Simulation Scheme: There are 128 sensors evenly spaced. Width of each sensor is 0.27 mm and empty space between each sensor is 0.03 mm. We assume that there is no attenuation. Image has 50 mm depth(in z direction) and 38 mm width(in x direction). Bubble density is chosen as 260 bubbles per cm2. Transducer frequency is 5 Mhz. There is one single plane wave. Pixel sizes are \( \frac{ \lambda}{8} =0.0385 mm\) in x direction and \( \frac{ \lambda}{20} = 0.0154mm \) in z direction. Total number of pixels in x direction is 990 and total pixels in z direction is 3247.
Training process: Training is done using patches. Lets have some definitions as follows:
x: a patch form ground truth image ( \( 64pixels\times 64pixels \)) ( \(1.97mm \times 4.8mm\) )
y: a patch form Field2 simulation image ( \( 128pixels\times 128pixels \)) (\(1.97mm \times 4.8mm\))
z: output of the network
f : blur kernel (Gaussian kernel with sigma=2 in pixel coordinates)
\[ w = z * f \]
\[ v = x*f \]
Then the training lost can be expressed as follows:
\[ loss = MSEloss(z-v) + \lambda \times L1loss(z)\]
stepsize = 2e-5
\[ \lambda = 0.01\]
Network Structure: Our network is based U-Net with batch normalization and drop out layer.
RESULTS
Note: In all loss graphs, the first losses are eliminated since first training losses are generally huge. By doing that, we can see the behavior better.
Training without label:
The following results for training separately;
Region 1:

Training Loss = 0.19711332617912392
Test Loss = 0.20458045625227494
Region 2:

Training Loss = 0.1960891251286879
Test Loss = 0.19649085655380477
Region 3:

Training Loss = 0.19749677761950912
Test Loss = 0.20406845757323835
Training with all regions;

Training Loss = 0.19985176214470254
Test Loss = 0.20604501453760174
Improvement coming from using three different networks instead of one network is more than %2. It is calculated as follows:
\[ Improvement = \frac{ \frac{Test Loss1 + Test Loss2 + Test Loss3 }{3} }{Test LossAll} \]
Training with label:
The following results for training separately;
Region 1:

Training Loss at epoch 300 = 0.33138459768415635
Test Loss at epoch 300= 0.5276035935579455
Region 2:

Training Loss at epoch 300= 0.27107622946405535
Test Loss at epoch 300= 0.45211572744749856
Region 3:

Training Loss at epoch 300= 0.3044815735109272
Test Loss at epoch 300= 0.48998950448715023
Training with all regions;

Training Loss = 0.32412794625265046
Test Loss = 0.39815186476483977
Miscellaneous Experiments
1) I changed the training loss as follows:
\[ loss = MSEloss(w-v) + \lambda \times L1loss(z) \]
The following results for training separately;
Region 1:

Training Loss at epoch 300 = 0.22519103461185688
Test Loss at epoch 300 = 0.23249626391369335
Region 2:

Training Loss at epoch 300= 0.22230404627391986
Test Loss at epoch 300= 0.22300771080132564
Region 3:

Training Loss at epoch 300= 0.22351187953247623
Test Loss at epoch 300= 0.2273676454813944
Training with all regions;

Training Loss at epoch 90= 0.22636351862931922
Test Loss at epoch 90= 0.23172340765902044
2) I remove the lass CNN layer named as self.conv9()

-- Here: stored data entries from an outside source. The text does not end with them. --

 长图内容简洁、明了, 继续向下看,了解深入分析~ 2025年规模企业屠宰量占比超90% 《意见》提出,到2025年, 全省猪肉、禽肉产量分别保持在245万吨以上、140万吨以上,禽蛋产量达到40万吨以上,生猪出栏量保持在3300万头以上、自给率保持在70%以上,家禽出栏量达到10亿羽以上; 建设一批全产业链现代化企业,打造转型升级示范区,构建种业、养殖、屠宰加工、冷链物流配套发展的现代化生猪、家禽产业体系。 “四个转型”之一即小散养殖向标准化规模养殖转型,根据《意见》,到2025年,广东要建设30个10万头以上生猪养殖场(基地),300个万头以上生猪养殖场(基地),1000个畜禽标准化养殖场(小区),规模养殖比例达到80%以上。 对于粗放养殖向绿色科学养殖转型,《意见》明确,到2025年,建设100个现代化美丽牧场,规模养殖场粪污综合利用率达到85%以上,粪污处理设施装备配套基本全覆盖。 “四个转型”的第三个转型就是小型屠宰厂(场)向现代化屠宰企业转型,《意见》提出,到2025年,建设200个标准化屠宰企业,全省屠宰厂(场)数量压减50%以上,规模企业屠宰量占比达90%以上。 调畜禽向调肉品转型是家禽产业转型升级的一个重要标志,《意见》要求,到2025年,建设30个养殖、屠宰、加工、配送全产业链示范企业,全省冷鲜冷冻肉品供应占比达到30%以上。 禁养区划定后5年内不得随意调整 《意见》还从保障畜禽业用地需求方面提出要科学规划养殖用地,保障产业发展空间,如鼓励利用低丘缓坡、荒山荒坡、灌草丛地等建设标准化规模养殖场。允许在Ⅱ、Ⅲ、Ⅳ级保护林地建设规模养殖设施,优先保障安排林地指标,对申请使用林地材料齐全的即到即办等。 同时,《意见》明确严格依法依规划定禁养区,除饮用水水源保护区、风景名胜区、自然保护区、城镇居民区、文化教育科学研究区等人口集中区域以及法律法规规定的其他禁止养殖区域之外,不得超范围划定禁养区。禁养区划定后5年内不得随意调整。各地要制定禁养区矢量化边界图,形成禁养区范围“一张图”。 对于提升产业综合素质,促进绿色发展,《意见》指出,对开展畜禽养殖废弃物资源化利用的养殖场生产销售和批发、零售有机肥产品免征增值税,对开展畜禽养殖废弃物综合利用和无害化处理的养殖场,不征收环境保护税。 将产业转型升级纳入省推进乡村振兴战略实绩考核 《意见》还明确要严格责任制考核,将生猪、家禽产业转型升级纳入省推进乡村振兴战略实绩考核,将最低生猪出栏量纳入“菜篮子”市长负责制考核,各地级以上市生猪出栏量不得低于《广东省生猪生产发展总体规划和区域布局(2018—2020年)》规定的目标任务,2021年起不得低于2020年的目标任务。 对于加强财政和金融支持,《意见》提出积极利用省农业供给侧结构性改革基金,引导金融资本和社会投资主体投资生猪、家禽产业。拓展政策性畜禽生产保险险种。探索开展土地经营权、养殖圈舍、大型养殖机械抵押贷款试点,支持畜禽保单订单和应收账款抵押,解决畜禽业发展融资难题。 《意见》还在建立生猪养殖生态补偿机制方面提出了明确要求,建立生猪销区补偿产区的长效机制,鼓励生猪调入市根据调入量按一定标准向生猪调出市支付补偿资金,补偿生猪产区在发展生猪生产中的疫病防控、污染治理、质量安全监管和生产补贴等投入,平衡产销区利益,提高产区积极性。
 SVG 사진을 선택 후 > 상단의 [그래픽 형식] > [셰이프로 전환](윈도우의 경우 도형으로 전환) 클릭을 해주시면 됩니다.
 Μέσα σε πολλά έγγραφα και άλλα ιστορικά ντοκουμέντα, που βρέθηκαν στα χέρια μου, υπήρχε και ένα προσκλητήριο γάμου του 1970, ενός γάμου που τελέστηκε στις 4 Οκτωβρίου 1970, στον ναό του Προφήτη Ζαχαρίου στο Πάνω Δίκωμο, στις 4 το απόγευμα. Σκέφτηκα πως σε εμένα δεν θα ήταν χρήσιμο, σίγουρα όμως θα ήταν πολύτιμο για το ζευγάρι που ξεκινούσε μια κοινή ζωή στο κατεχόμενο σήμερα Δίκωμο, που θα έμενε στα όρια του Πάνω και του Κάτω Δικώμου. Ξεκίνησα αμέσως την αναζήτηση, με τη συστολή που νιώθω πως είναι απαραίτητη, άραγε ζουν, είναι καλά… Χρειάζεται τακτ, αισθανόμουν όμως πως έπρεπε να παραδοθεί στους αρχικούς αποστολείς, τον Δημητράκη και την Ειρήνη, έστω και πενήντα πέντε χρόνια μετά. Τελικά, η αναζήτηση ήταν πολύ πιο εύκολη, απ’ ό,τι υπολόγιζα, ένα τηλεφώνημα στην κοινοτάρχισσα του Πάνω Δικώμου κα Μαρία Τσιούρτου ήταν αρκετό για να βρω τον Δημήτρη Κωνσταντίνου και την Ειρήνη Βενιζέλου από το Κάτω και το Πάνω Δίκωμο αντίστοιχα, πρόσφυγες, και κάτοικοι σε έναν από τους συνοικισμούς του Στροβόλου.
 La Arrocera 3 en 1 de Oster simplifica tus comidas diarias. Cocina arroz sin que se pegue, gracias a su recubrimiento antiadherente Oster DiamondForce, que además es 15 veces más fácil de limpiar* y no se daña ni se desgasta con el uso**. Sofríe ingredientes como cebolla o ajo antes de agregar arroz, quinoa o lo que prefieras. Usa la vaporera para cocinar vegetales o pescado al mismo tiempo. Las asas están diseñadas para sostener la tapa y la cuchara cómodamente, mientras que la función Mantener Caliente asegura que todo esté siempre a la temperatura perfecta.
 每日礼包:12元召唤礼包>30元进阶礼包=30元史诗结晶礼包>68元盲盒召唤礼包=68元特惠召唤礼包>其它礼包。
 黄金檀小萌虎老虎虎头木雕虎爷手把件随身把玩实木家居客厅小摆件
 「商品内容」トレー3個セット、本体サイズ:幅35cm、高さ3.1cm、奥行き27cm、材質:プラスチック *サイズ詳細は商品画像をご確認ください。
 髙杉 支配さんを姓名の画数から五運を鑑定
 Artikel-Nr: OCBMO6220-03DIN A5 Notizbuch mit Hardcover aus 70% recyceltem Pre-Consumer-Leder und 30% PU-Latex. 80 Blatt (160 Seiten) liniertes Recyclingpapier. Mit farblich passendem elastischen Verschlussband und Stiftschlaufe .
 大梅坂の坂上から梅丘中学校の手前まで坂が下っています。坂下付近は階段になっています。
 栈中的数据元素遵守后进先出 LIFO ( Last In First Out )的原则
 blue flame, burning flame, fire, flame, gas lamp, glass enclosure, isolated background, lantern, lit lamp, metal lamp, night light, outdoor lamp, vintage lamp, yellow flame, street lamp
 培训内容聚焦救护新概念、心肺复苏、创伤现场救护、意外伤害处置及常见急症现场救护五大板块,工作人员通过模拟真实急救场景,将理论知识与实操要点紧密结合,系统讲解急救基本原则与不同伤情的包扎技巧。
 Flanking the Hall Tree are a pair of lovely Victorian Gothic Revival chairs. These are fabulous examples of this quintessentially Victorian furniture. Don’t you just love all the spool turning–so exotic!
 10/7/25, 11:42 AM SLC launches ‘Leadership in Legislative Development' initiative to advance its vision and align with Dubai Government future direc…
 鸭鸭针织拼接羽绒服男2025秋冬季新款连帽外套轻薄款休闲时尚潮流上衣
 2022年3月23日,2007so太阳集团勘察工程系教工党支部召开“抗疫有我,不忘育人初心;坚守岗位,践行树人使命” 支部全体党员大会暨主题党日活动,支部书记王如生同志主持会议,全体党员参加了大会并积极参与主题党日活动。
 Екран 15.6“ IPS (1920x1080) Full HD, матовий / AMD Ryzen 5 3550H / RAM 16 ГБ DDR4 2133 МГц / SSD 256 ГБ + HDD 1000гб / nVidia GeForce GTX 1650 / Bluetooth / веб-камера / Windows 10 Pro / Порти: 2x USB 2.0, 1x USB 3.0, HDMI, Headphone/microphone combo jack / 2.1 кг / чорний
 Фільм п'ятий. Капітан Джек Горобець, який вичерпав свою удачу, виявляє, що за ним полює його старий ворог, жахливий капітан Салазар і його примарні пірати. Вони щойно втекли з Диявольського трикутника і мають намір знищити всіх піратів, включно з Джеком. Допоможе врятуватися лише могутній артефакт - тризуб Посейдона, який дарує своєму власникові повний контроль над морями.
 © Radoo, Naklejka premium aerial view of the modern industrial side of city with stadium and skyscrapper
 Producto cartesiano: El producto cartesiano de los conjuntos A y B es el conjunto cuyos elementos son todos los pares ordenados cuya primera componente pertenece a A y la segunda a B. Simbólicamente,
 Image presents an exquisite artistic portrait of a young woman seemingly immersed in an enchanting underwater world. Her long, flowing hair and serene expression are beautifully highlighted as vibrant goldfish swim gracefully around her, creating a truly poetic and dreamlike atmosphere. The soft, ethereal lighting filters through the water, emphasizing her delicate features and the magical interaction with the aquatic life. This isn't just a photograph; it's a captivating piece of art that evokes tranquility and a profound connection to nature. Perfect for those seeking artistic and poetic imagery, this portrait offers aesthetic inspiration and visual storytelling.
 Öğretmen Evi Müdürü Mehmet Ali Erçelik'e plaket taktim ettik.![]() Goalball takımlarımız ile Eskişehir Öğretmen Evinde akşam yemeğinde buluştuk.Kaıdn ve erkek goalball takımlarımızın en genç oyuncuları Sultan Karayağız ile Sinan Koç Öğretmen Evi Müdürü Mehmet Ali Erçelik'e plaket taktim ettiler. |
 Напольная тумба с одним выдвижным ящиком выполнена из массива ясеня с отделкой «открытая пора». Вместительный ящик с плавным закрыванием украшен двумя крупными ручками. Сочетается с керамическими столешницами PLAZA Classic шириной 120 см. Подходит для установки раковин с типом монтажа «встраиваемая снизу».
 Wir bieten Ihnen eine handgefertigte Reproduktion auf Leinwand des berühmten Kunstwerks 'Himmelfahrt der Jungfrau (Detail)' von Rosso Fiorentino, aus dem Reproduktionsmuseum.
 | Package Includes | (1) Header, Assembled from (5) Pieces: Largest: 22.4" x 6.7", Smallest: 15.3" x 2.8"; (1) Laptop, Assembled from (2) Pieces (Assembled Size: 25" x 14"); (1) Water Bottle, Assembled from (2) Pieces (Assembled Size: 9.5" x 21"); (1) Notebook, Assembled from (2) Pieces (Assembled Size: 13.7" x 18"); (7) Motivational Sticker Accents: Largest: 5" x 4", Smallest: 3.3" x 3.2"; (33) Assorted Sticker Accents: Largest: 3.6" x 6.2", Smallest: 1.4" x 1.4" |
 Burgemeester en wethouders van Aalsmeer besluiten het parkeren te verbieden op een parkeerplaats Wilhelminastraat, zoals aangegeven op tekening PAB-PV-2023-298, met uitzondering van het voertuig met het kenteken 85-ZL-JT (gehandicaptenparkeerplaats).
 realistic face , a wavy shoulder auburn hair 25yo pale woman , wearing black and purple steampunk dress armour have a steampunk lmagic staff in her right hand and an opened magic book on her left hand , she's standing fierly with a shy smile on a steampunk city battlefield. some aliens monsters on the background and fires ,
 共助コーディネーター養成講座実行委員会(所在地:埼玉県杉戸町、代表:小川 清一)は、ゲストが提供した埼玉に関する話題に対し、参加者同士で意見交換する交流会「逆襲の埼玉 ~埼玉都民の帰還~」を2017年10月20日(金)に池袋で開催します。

Training Loss = 0.2272135959966761
Test Loss = 0.2332808526618654
3) I changed the near field patches label to 0 from 1.

Training Loss = 0.30359066570625276
Test Loss = 0.5433338370370797
For a complete description of the experiment, specify
For a complete description of the experiment, specify f.
Also, you write
” x: a patch form ground truth image ( 64pixels×64pixels) ( 1.97mm×4.8mm )
y: a patch form Field2 simulation image ( 128pixels×128pixels) (1.97mm×4.8mm) ”
x and y seem to have different pixel sizes, but you say nothing about this. Also, what do you do with x and y? What about the idea of a square pixel in the output of the network?